- [Exercise aim]: Your answer must be an exact copy of the data below.

- [Exercise data]:
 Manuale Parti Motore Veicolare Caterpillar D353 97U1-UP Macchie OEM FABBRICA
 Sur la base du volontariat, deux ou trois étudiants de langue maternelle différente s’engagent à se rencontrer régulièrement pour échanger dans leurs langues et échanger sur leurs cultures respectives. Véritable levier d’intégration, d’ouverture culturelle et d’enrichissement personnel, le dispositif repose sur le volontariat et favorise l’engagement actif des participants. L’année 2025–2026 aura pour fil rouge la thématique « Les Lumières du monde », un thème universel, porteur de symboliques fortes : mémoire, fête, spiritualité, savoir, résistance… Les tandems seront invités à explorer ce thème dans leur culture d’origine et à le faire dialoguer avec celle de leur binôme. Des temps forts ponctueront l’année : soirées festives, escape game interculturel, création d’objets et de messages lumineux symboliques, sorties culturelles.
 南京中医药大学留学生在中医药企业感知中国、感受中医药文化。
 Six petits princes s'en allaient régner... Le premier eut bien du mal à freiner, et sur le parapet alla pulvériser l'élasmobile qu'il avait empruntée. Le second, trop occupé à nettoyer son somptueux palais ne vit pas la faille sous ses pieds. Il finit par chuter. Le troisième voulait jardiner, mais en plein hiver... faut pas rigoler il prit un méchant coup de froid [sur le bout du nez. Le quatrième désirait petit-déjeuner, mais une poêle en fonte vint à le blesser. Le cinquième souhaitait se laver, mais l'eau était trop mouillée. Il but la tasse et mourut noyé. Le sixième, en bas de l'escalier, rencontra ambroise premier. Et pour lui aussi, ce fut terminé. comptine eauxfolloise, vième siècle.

- [Answer box]:
 Manuale Parti Motore Veicolare Caterpillar D353 97U1-UP Macchie OEM FABBRICA
 Sur la base du volontariat, deux ou trois étudiants de langue maternelle différente s’engagent à se rencontrer régulièrement pour échanger dans leurs langues et échanger sur leurs cultures respectives. Véritable levier d’intégration, d’ouverture culturelle et d’enrichissement personnel, le dispositif repose sur le volontariat et favorise l’engagement actif des participants. L’année 2025–2026 aura pour fil rouge la thématique « Les Lumières du monde », un thème universel, porteur de symboliques fortes : mémoire, fête, spiritualité, savoir, résistance… Les tandems seront invités à explorer ce thème dans leur culture d’origine et à le faire dialoguer avec celle de leur binôme. Des temps forts ponctueront l’année : soirées festives, escape game interculturel, création d’objets et de messages lumineux symboliques, sorties culturelles.
 南京中医药大学留学生在中医药企业感知中国、感受中医药文化。
 Six petits princes s'en allaient régner... Le premier eut bien du mal à freiner, et sur le parapet alla pulvériser l'élasmobile qu'il avait empruntée. Le second, trop occupé à nettoyer son somptueux palais ne vit pas la faille sous ses pieds. Il finit par chuter. Le troisième voulait jardiner, mais en plein hiver... faut pas rigoler il prit un méchant coup de froid [sur le bout du nez. Le quatrième désirait petit-déjeuner, mais une poêle en fonte vint à le blesser. Le cinquième souhaitait se laver, mais l'eau était trop mouillée. Il but la tasse et mourut noyé. Le sixième, en bas de l'escalier, rencontra ambroise premier. Et pour lui aussi, ce fut terminé. comptine eauxfolloise, vième siècle.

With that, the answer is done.